• **AIM OF THE TASK**
Omit every picture while you reproduce the entries that follow word for word.

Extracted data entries
※ ※ ※
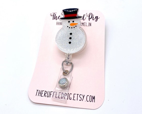 Snowman Retractable Badge Reel Christmas Id Holder Winter Etsy
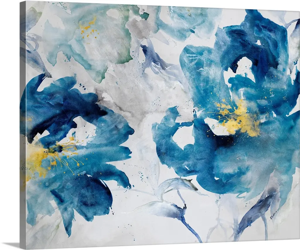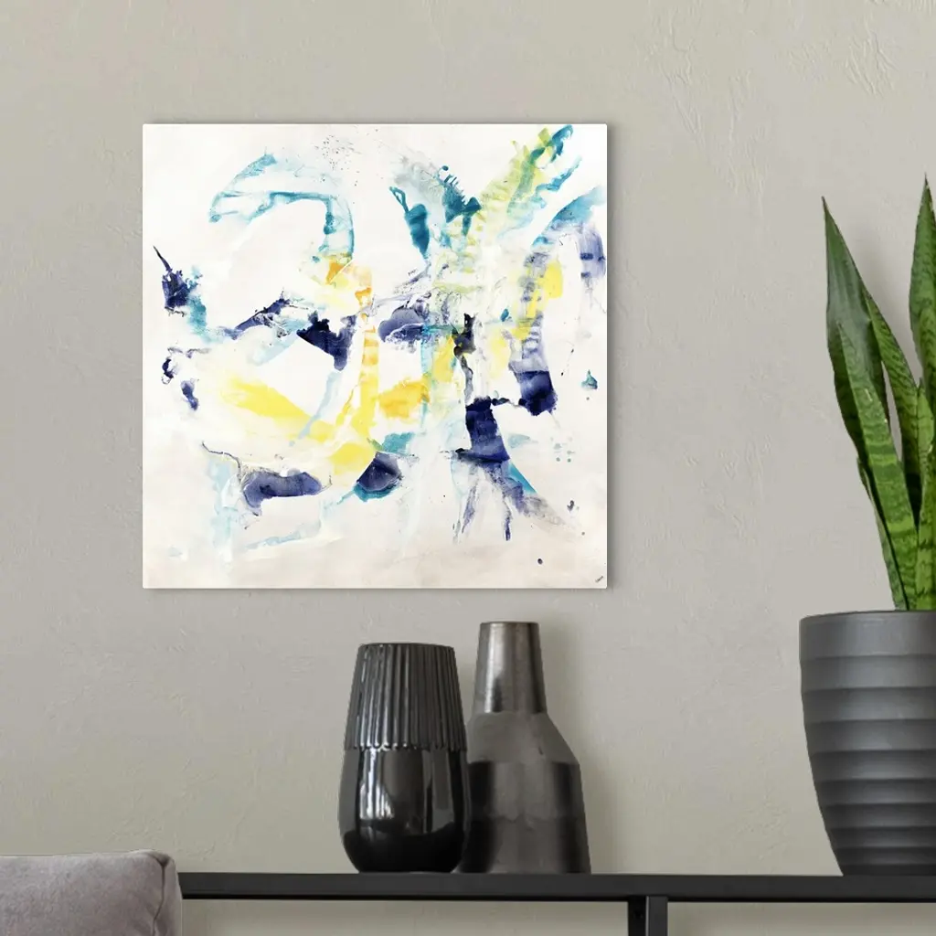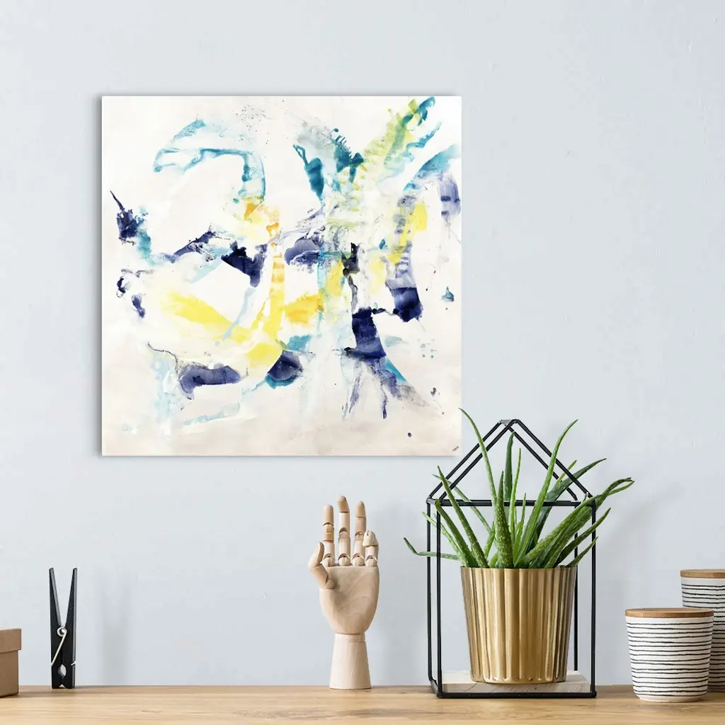 A contemporary abstract painting using colorful lines of paint against a white background.
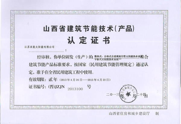 雙能獲得該證書,證明雙能太陽能產(chǎn)品符合與該種產(chǎn)品有關(guān)的質(zhì)量、安全和環(huán)境保護等方面的標(biāo)準要求,與同類產(chǎn)品或相同功能的產(chǎn)品相比,效率或能耗指標(biāo)達到省及省以上先進水平,且在山西省之后的建筑應(yīng)用中,會被優(yōu)先推廣。該證書的獲得,對雙能產(chǎn)品在山西省的推廣起到了積極的推進作用,也為消費者選購太陽能提供了一個更為放心的選擇。
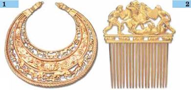 • Рассмотрите пектораль - украшение скифского царя. Это высокохудожественное произведение 4 в. до н. э. было найдено в скифском кургане Толстая Могила на Днепропетровщине. Сделано украшение из золота, вес его 1150 г. Второй памятник - золотой гребень из кургана Солоха на Днепропетровщине.
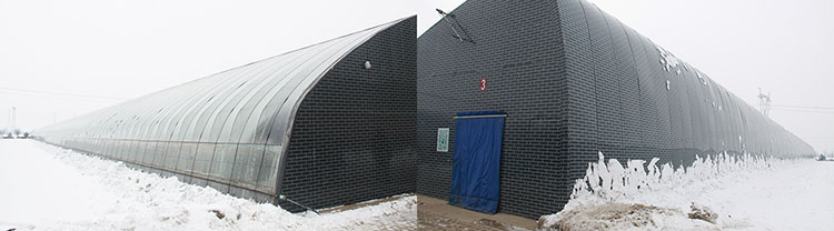 水蓄熱雙膜內保溫裝配式日光溫室的保溫被設計在溫室內,溫室內溫度達到設置溫度時會自動卷放保溫被,當遇到大雪天時由于溫室外層是外保溫膜,所以不會在保溫被上留下積雪,雪落在外保溫膜上會自動滑落到地面,這樣遇到大雪時不會因為雪量過多過重壓塌溫室。
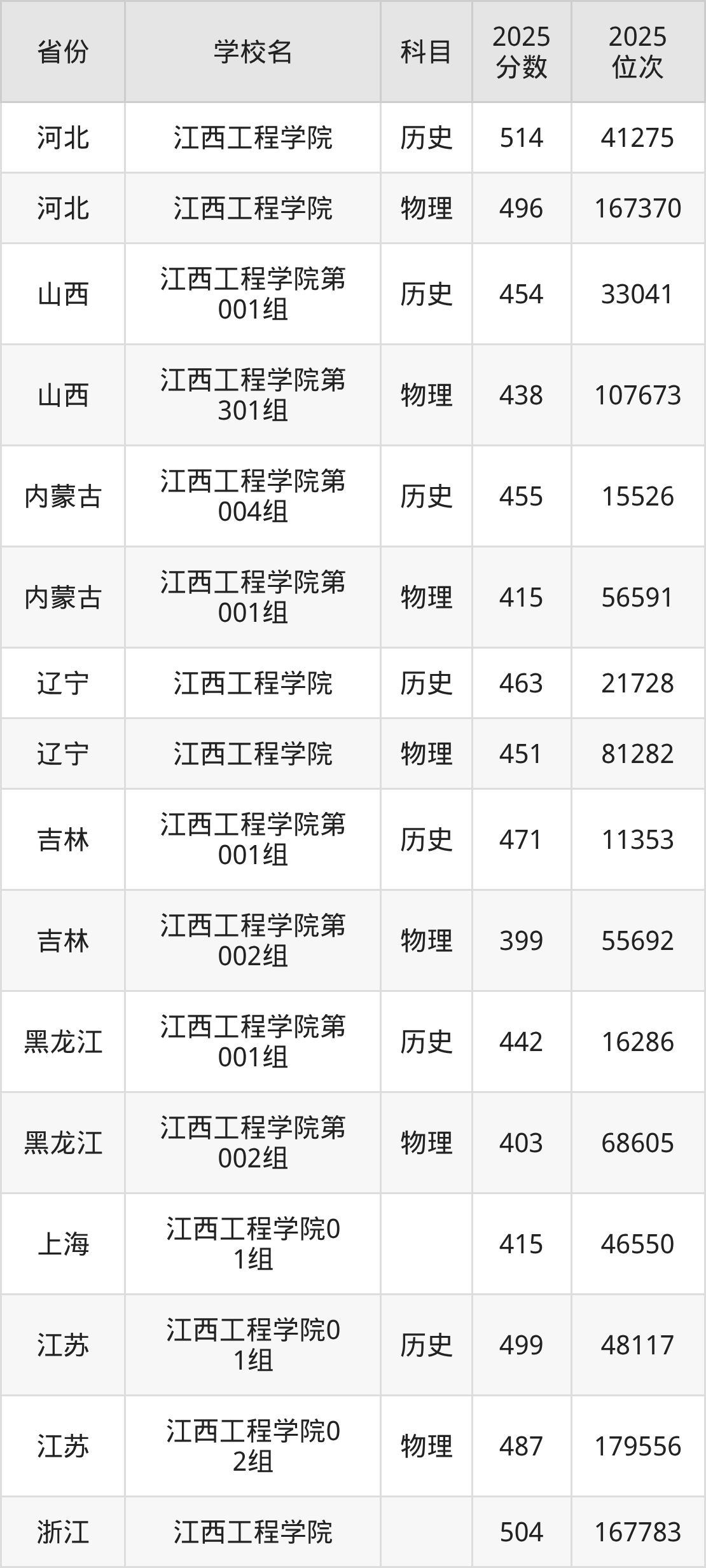 2025年江西工程学院历史类最低分501分(37256名)、物理类最低分448分(150856名)。
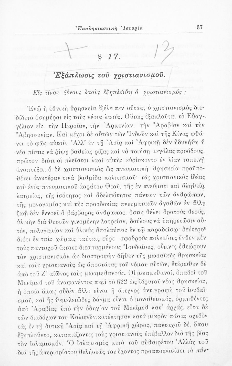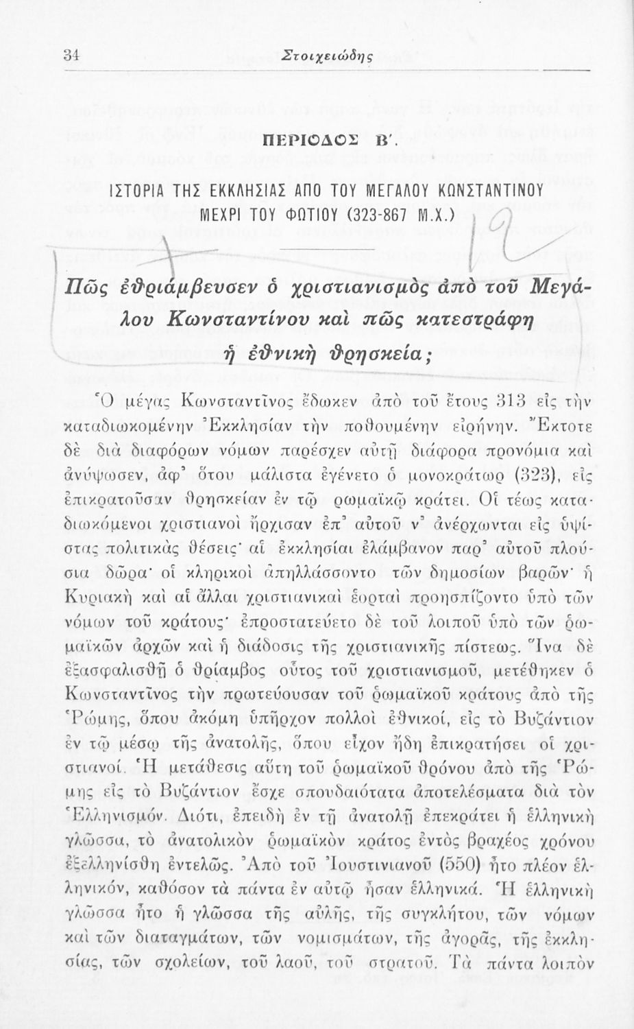 Στοιχειώδης εκκλησιαστική ιστορία δια την ΣΤ΄ τάξιν του (Εξαταξίου) Γυμνασίου
※ ※ ※
• **WRITTEN SOLUTION**
 Snowman Retractable Badge Reel Christmas Id Holder Winter Etsy
 A contemporary abstract painting using colorful lines of paint against a white background.
 雙能獲得該證書,證明雙能太陽能產(chǎn)品符合與該種產(chǎn)品有關(guān)的質(zhì)量、安全和環(huán)境保護等方面的標(biāo)準要求,與同類產(chǎn)品或相同功能的產(chǎn)品相比,效率或能耗指標(biāo)達到省及省以上先進水平,且在山西省之后的建筑應(yīng)用中,會被優(yōu)先推廣。該證書的獲得,對雙能產(chǎn)品在山西省的推廣起到了積極的推進作用,也為消費者選購太陽能提供了一個更為放心的選擇。
 • Рассмотрите пектораль - украшение скифского царя. Это высокохудожественное произведение 4 в. до н. э. было найдено в скифском кургане Толстая Могила на Днепропетровщине. Сделано украшение из золота, вес его 1150 г. Второй памятник - золотой гребень из кургана Солоха на Днепропетровщине.
 水蓄熱雙膜內保溫裝配式日光溫室的保溫被設計在溫室內,溫室內溫度達到設置溫度時會自動卷放保溫被,當遇到大雪天時由于溫室外層是外保溫膜,所以不會在保溫被上留下積雪,雪落在外保溫膜上會自動滑落到地面,這樣遇到大雪時不會因為雪量過多過重壓塌溫室。
 2025年江西工程学院历史类最低分501分(37256名)、物理类最低分448分(150856名)。
 Στοιχειώδης εκκλησιαστική ιστορία δια την ΣΤ΄ τάξιν του (Εξαταξίου) Γυμνασίου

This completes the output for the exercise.